[Start of section]

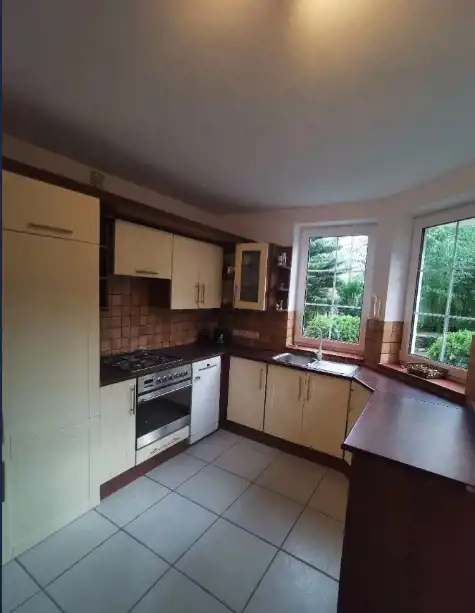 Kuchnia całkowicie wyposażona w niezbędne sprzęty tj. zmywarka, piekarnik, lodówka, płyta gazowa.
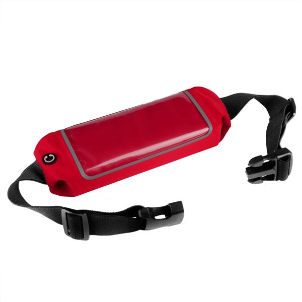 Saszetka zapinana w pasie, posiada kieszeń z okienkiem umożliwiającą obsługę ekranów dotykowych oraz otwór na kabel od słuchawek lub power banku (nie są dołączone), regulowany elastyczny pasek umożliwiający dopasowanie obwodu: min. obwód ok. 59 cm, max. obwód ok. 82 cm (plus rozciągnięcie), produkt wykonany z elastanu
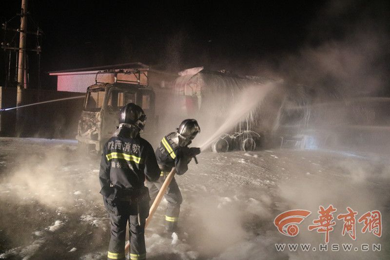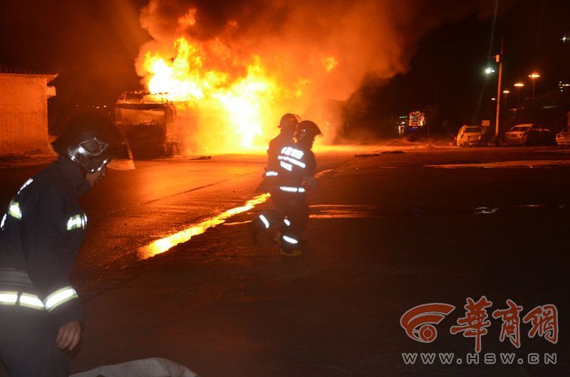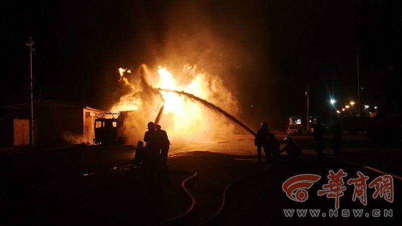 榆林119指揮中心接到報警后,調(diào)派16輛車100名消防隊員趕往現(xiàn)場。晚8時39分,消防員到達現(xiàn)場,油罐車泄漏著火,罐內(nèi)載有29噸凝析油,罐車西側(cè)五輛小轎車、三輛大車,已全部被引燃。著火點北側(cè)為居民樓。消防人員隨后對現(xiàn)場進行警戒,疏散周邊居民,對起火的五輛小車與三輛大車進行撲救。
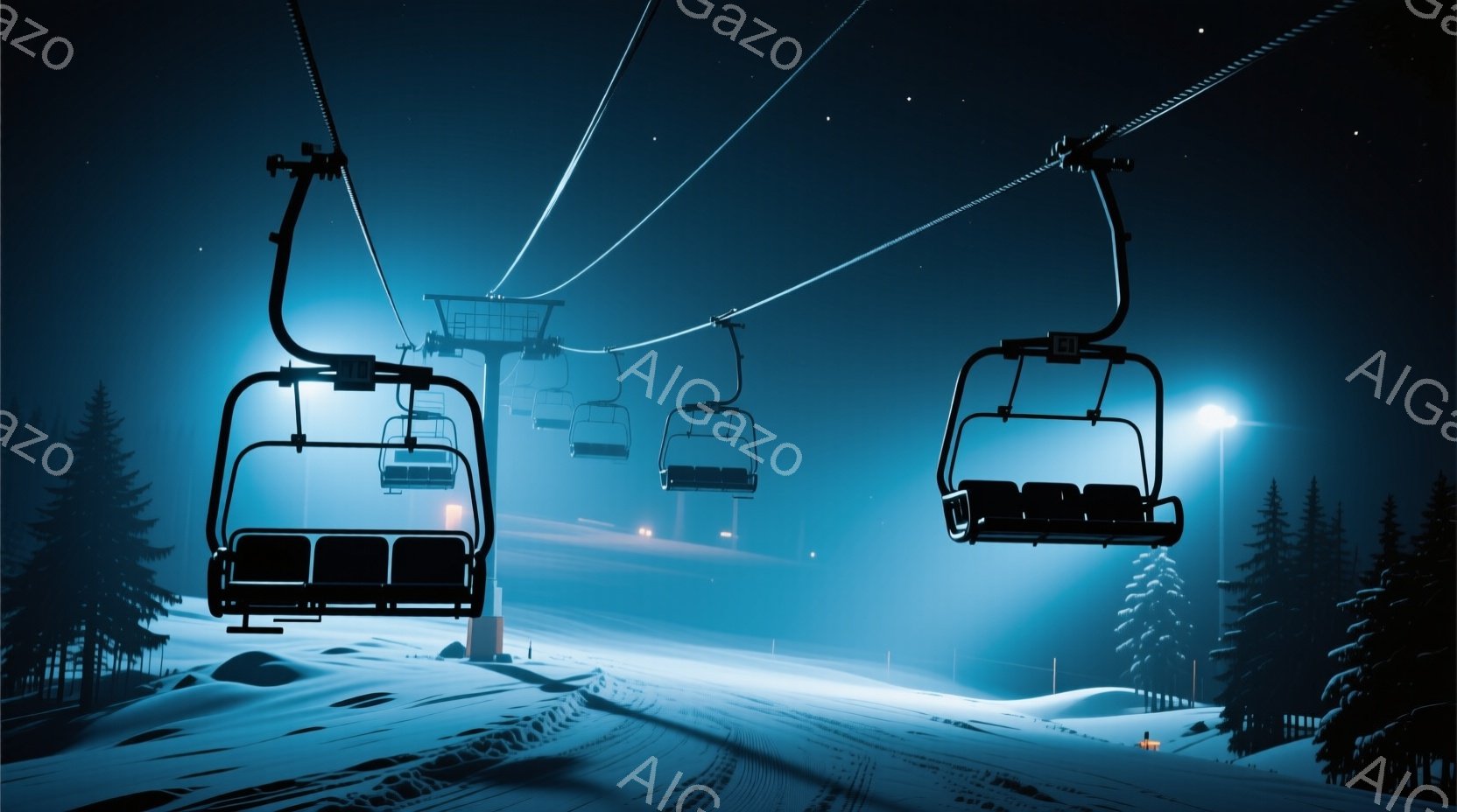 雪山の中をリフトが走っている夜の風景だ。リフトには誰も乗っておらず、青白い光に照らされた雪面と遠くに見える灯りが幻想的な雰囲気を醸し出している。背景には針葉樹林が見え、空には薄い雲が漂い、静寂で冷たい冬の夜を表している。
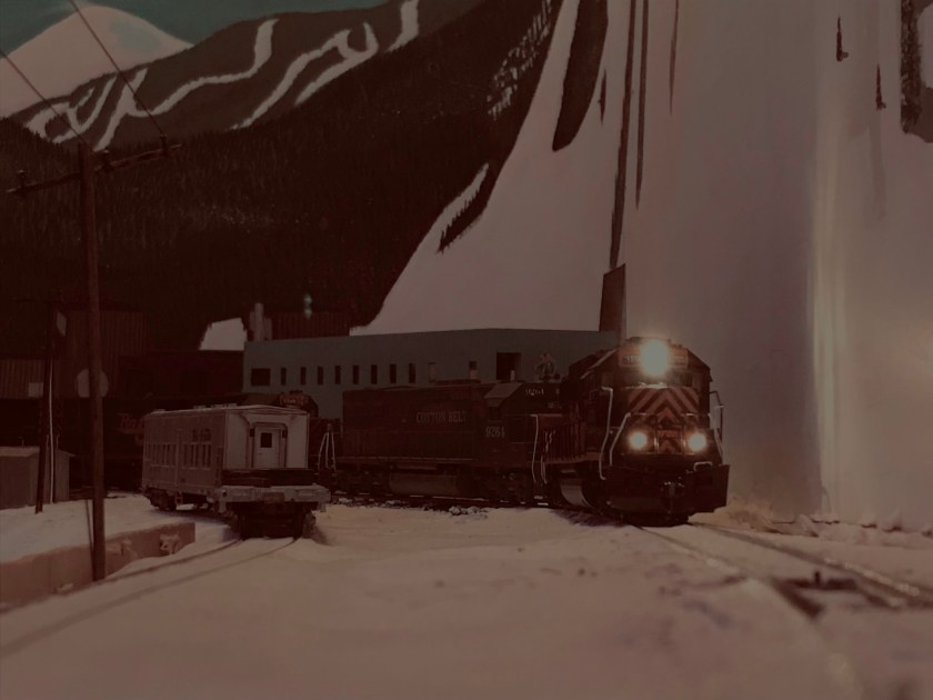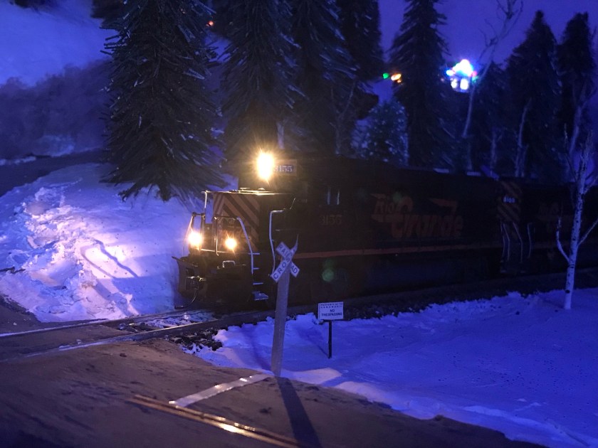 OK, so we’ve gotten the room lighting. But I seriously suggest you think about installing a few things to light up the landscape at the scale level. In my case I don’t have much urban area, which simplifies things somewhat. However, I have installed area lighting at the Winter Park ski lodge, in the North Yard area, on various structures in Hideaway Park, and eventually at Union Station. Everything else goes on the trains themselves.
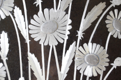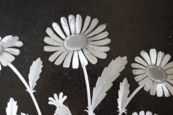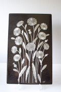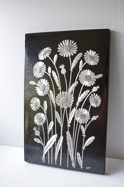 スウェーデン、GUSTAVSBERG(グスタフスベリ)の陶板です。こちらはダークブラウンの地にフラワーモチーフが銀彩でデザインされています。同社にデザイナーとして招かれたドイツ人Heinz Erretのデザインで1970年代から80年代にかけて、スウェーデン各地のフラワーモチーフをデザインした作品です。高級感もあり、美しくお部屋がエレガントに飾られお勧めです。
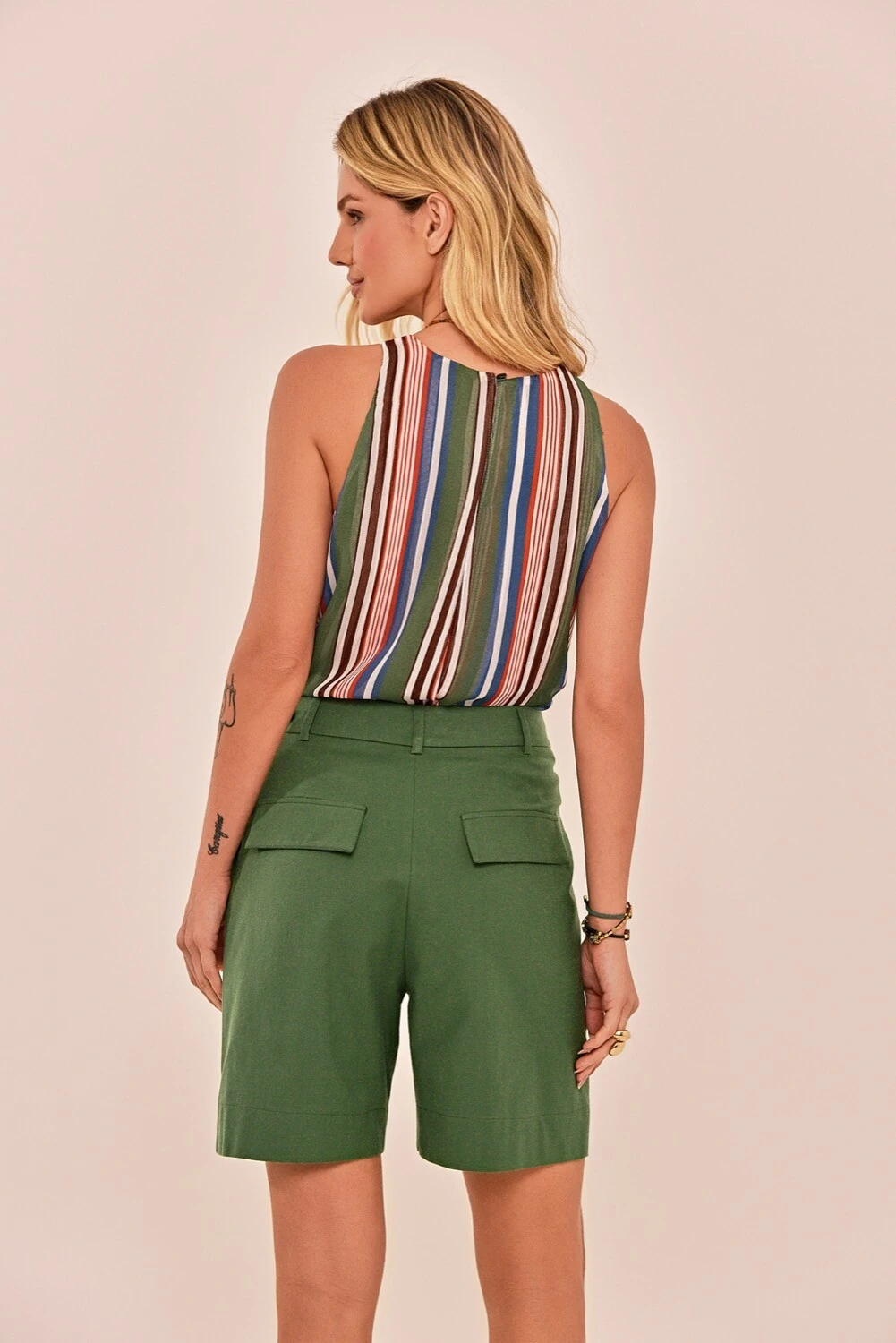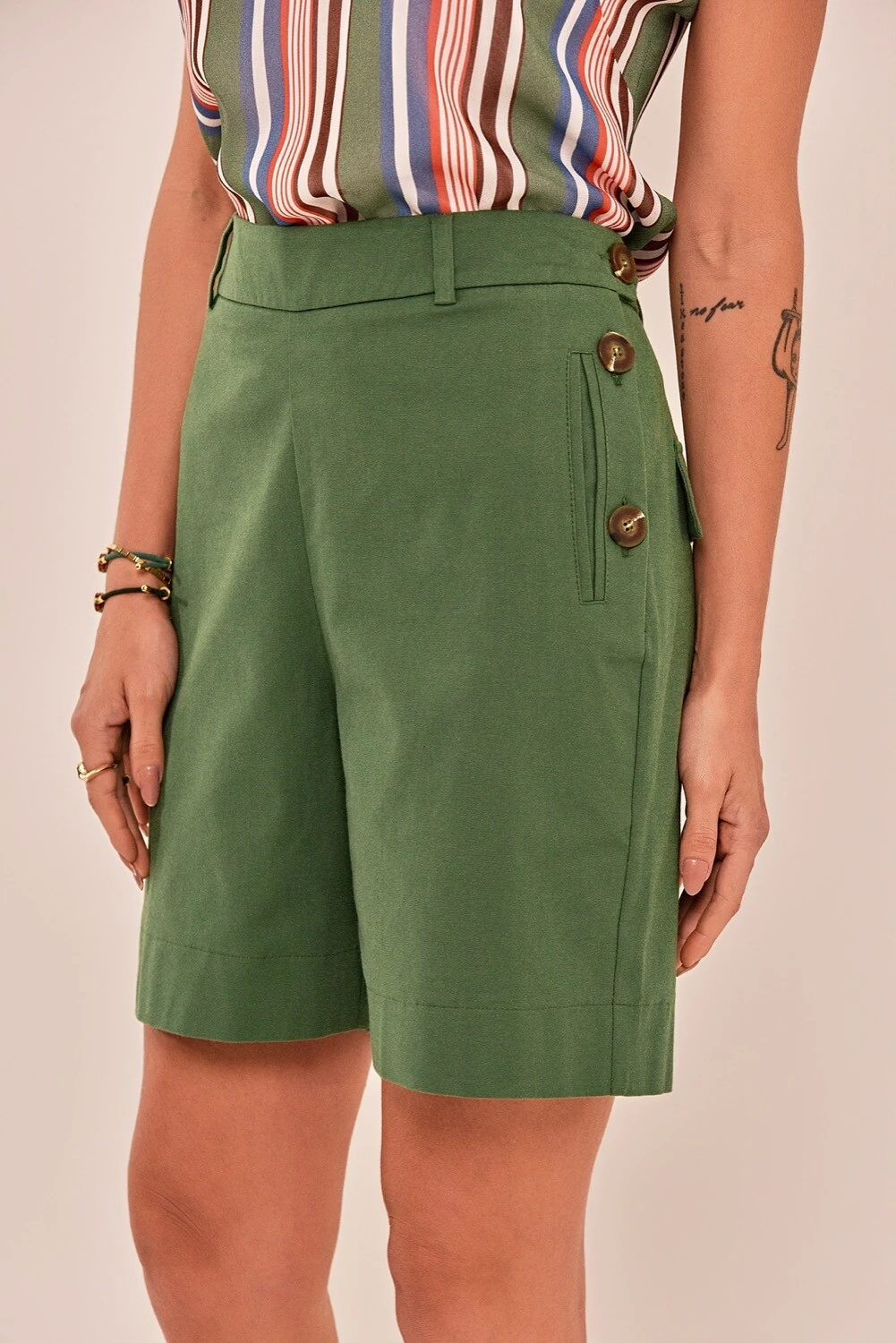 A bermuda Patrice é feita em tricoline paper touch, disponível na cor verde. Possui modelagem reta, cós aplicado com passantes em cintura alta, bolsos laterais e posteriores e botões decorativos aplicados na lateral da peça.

[End of section]

» **Work instruction**
What you need to produce is an exact copy of the entries above, limited to the lines from the one with "Saszetka zapinana w" up to and including the one with "雪山の中をリフトが走っている", without pictures.

» **Output below**
 Saszetka zapinana w pasie, posiada kieszeń z okienkiem umożliwiającą obsługę ekranów dotykowych oraz otwór na kabel od słuchawek lub power banku (nie są dołączone), regulowany elastyczny pasek umożliwiający dopasowanie obwodu: min. obwód ok. 59 cm, max. obwód ok. 82 cm (plus rozciągnięcie), produkt wykonany z elastanu
 榆林119指揮中心接到報警后,調(diào)派16輛車100名消防隊員趕往現(xiàn)場。晚8時39分,消防員到達現(xiàn)場,油罐車泄漏著火,罐內(nèi)載有29噸凝析油,罐車西側(cè)五輛小轎車、三輛大車,已全部被引燃。著火點北側(cè)為居民樓。消防人員隨后對現(xiàn)場進行警戒,疏散周邊居民,對起火的五輛小車與三輛大車進行撲救。
 雪山の中をリフトが走っている夜の風景だ。リフトには誰も乗っておらず、青白い光に照らされた雪面と遠くに見える灯りが幻想的な雰囲気を醸し出している。背景には針葉樹林が見え、空には薄い雲が漂い、静寂で冷たい冬の夜を表している。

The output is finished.